In [None]:
import xgboost as xgb
import pandas as pd
import numpy as np

from sklearn.metrics import mean_squared_error

from sklearn.model_selection import train_test_split

In [None]:
data_features = pd.read_csv("data_with_features.csv")
#data_features.set_index(data_features['account_id'], inplace=True)

In [None]:
data_features.info()

In [None]:
data_features.columns

In [None]:
# XGBoost needs categorical values to be one-hot encoded

#loan
fico_bins_ds = pd.get_dummies(data_features['fico_bin'], prefix='FICO')
# ntriggers_bin
ntrigger_bins_df= pd.get_dummies(data_features['ntriggers_bin'], prefix='NTRIGGERS')
one_hot_features = fico_bins_ds.join(ntrigger_bins_df)
# num_times_neg_bin
num_times_neg_bins_df = pd.get_dummies(data_features['num_times_neg_bin'], prefix="NUMtimesNEG")
one_hot_features = one_hot_features.join(num_times_neg_bins_df)
# max_days_neg_bin
max_days_neg_bins_df = pd.get_dummies(data_features['max_days_neg_bin'], prefix="MAXdaysNEG")
one_hot_features = one_hot_features.join(max_days_neg_bins_df)
# ck_returns_bin
ck_returns_bins_df = pd.get_dummies(data_features['ck_returns_bin'], prefix="CTRETURNS")
one_hot_features = one_hot_features.join(ck_returns_bins_df)
# ave_bal6_binned/ave_bal3_binned
aveBal6_bins_df = pd.get_dummies(data_features['avg_bal6_binned'], prefix='AVEBAL6')
one_hot_features = one_hot_features.join(aveBal6_bins_df)
#
aveBal3_bins_df = pd.get_dummies(data_features['avg_bal3_binned'], prefix='AVEBAL3')
one_hot_features = one_hot_features.join(aveBal3_bins_df)
#
print("Shape of one-hot features:", one_hot_features.shape)

In [None]:
# Join one-hot features to general dataset.
data_features2 = data_features.join(one_hot_features)

In [None]:
print("size of data_features2:", data_features2.shape)
print("Columns in data_features2", data_features2.columns)

In [None]:
# Keep features needed for xg boost model

# Drop these columns to prepare data for xgboost
drop_columns = ['fico_bin', 'ntriggers_bin', 'num_times_neg_bin', 'max_days_neg_bin', 'ck_returns_bin',
                'avg_bal6_binned', 'avg_bal3_binned']
drop_columns2 = ['fico_b', 'ntriggers', 'num_times_neg', 'max_days_neg', 'ck_returns', 'avg_bal6', 'avg_bal3'] + drop_columns
# optional drop
drop_columns3 = ['account_id'] + drop_columns2

In [None]:
analytic_dataset = data_features2.drop(drop_columns2, axis=1)
print(analytic_dataset.shape)

# inspect using Excel - did it go okay?
analytic_dataset.to_csv("analytic_dataset.csv")

The story so far...
The data from Step 1, EDA and Feature Extraction phase, was read into Python.

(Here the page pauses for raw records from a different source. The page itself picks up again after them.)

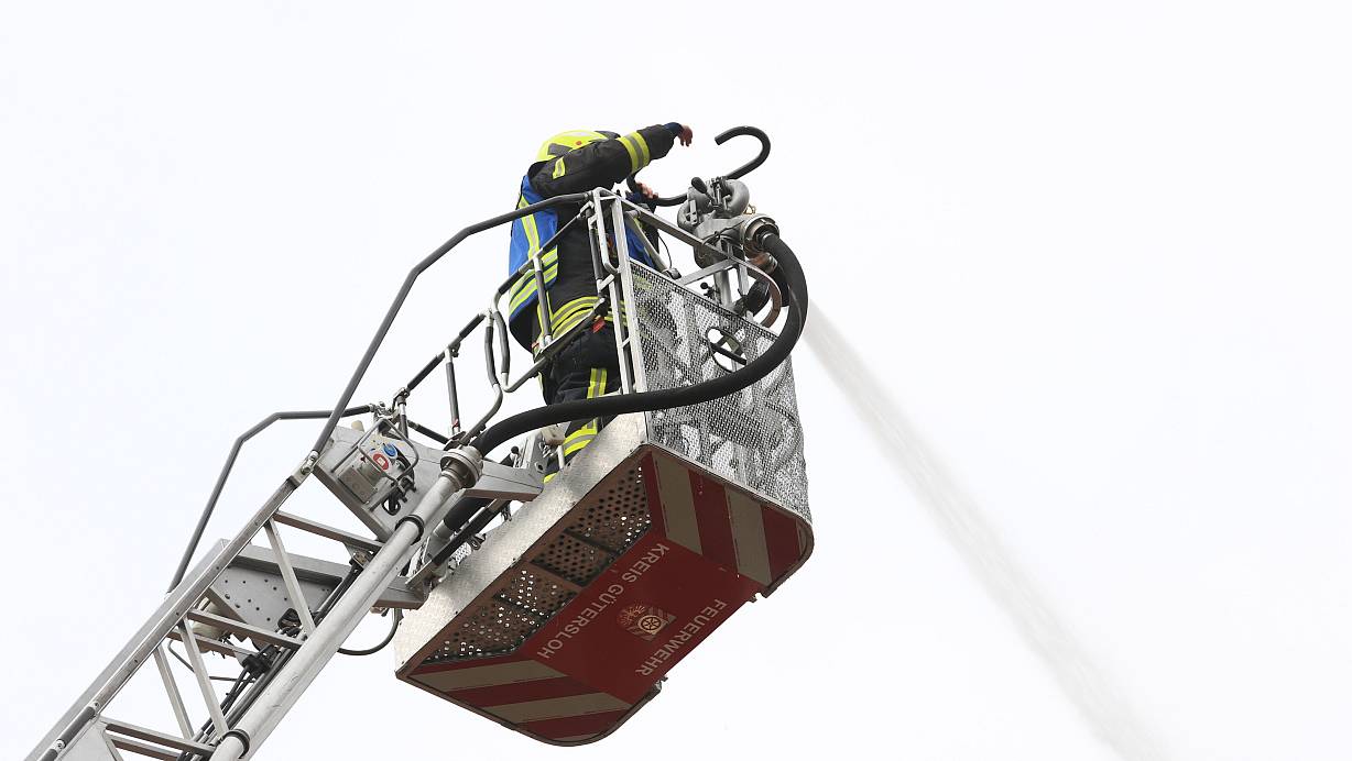 Wasser marsch: Aus luftiger Höhe wird der Brand auch von außen via Drehleiter bekämpft. | © Claus Frickemeier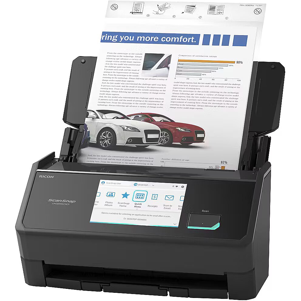 LongDesc - Offering total flexibility and convenience for modern home and office work, the iX2500 fits how and where you work. The Quick Menu offers instant ad-hoc scanning, while customised buttons can be easily created for recurring tasks – matching your own scanning preferences and habits. What’s more, usable scanned data can be instantly recognised and activated as a working link – enabling you to click directly on numbers or addresses to make phone calls or send emails in an instant.The gateway to digitising your life and working smarterIts small footprint also means the iX2500 can conveniently fit into many more desktop spaces than alternatives in the market. The iX2500 is also intuitively designed for an easy, effortless user experience. The 5-inch capacitive LCD touch screen offers popular ScanSnap design elements such as one-touch scanning directly from the unit, while its rapid 45 page per minute double-sided scanning speed and 100 sheet chute capacity mean you will breeze through your scanning tasks in no time. There’s plenty of personal productivity packed into our most versatile scanner yet, enabling simple digitisation of your documents and data, how you want, wherever you want.Smart data recognitionYour usable scanned data can be instantly recognised and activated as a working link – enabling you to click on numbers or addresses to make phone calls or send emails in an instant. No copy/paste necessary.Tailored to your scanning habitsMade to match your needs, the iX2500 features a Quick Menu for ad-hoc scanning while also enabling you to easily create customised buttons for recurring scanning tasks.Takes up less space while you scanThe iX2500 has an in-use footprint of only 477mm x 292mm. Significantly smaller than alternative productsIntuitive design for a quick and easy user experienceThe iX2500 features a 5-inch capacitive LCD screen with popular ScanSnap design elements including one touch scan for a simple scanning process.Scans quickly – saving you time and effortTo speed up the process even further, the iX2500 can hold up to 100 sheets and scan up to 45 double sided pages per minute.Software solutions that can assist with photo processing:• "PFU Clear Image Capture" – This feature is directly integrated into the iX2500 scanner.• ScanSnap Home – This software must be downloaded separately, but it offers additional features for photo scanning, including:- Automatic image enhancement- Color restoration of faded photos- Red-eye correction- Automatic image rotation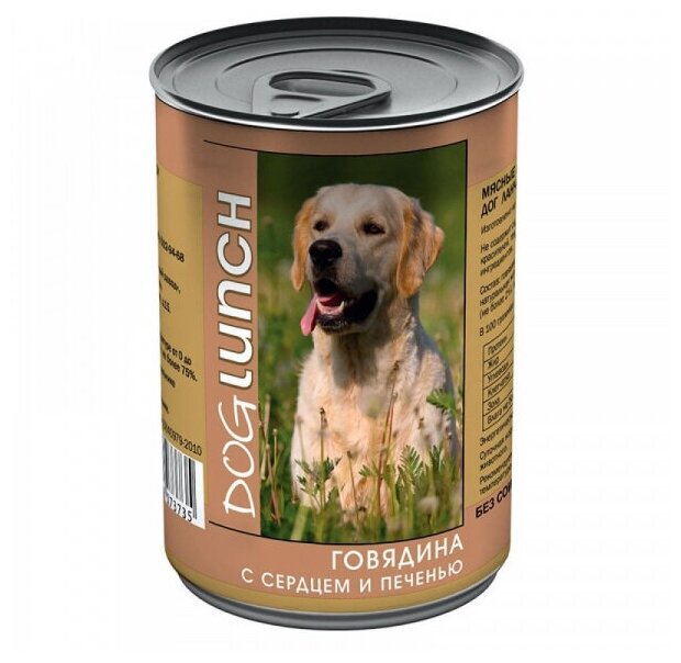 Дог Ланч консервы для собак Говядина, сердце и печень, 410 г. упаковка 12 шт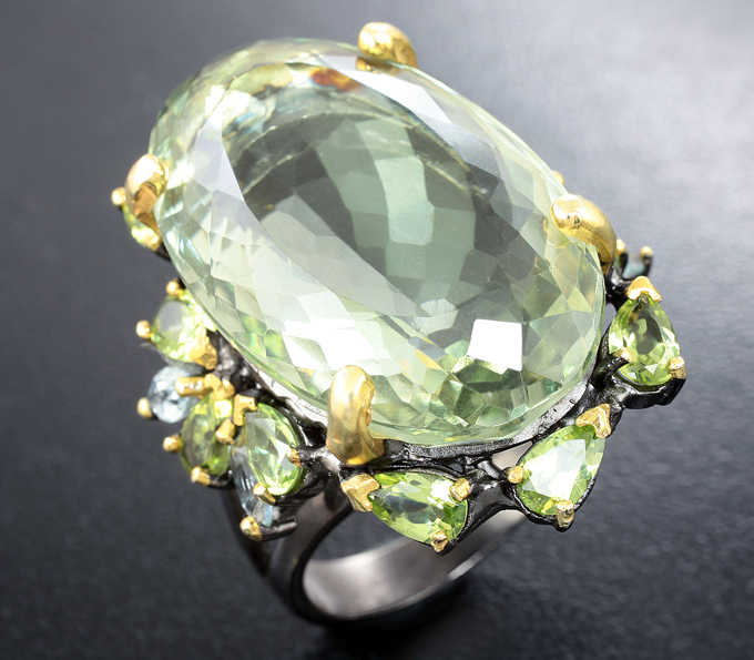 Серебряное кольцо с зеленым аметистом 35+ карат, перидотами и голубыми топазами!Магазин // Эксклюзив серебро // Кольца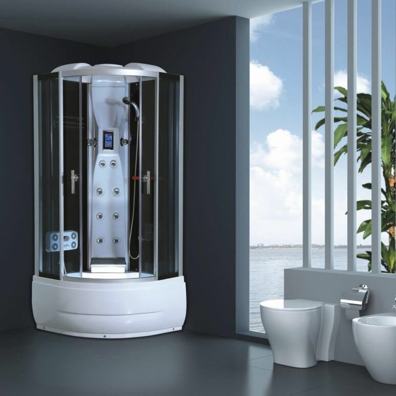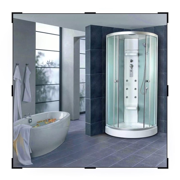 Une salle de bain spacieuse peut permettre l'installation d'un caisson double de la célèbre marque SSWW. La hauteur de levage de la structure BU108A n'est que de 15 cm, la paroi arrière est creuse sans joints en acrylique renforcé. Pour un séjour confortable, 2 assises et étagères sont installées à l'intérieur. La fonctionnalité étendue offre non seulement une douche tropicale, mais un hydromassage du dos, des jambes, de l'ozonation, de la chromothérapie.Une sécurité élevée est assurée par la protection contre la surchauffe, le contrôle de la température.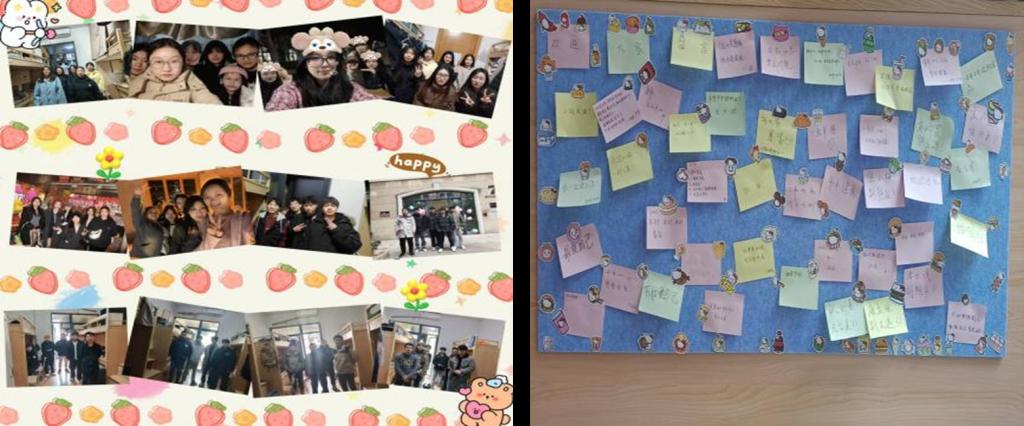 除了温馨的装饰,学院还特别策划了两项互动活动,让同学们在返校的第一时间就能参与到宿舍社区活动中。一面“心愿墙”,供同学们写下自己对新学期的美好祝愿和目标。“寝室合照投稿”活动记录了自己与室友们的美好时光。

All of the categorical features had to be converted into one-hot encoding, since XGboost work best with numerical data.
After the one-hot encoded features were added to the analytical dataset, many of the original fields need to be removed before submitting to XGboost.

What to do next...
1. split data into charged-off data
2. select 20% of the active accounts for training.
3. prepare XGboost for imbalanced data
4. run XGboost
5. score active accounts for propensity to defraud
6. print out decision tree
7. print out features, and their relative importance

In [None]:
# 1.Split data into charged-off and non charged-off.
# Since the objective of the model is to identify accounts that are most likely to commit fraudulent activities,
# we will select accounts that are active.
active_accounts = analytic_dataset[analytic_dataset['status']=='Active']
data_CO = analytic_dataset[analytic_dataset['cos']==1]

In [None]:
tmp = pd.concat(["active_accounts", "data_CO"])

In [None]:
print("Active accounts shape:",active_accounts.shape)
print("Charged-off accounts shape:", data_CO.shape)

In [None]:
# Randomly select 20% of non-charged off accounts
np.random.seed(147)
active_accounts_frac20 = active_accounts.sample(frac=0.2)


In [None]:
active_accounts_frac20.shape

In [None]:
print(active_accounts_frac20.head())

In [None]:
# For training set, add the 20%-sample of active accounts with all of the charged-off accounts.
analytic_dataset_model = active_accounts_frac20.join(data_CO)

In [None]:
# xg_reg = xgb.XGBRegressor(objective='reg:linear', colsample_bytree=0.3, learning_rate=0.1,
#                           max_depth=5, alpha=10, n_estimators=10)
#
# params = {"objective": "binary:logistic", 'colsample_bytree': 0.3, 'learning_rate': 0.1,
#           'max_depth': 5, 'alpha': 10}
#
# cv_results = xgb.cv(dtrain=data_dmatrix, params=params, nfold=3,
#                     num_boost_round=50, early_stopping_rounds=10, metrics="rmse", as_pandas=True, seed=123)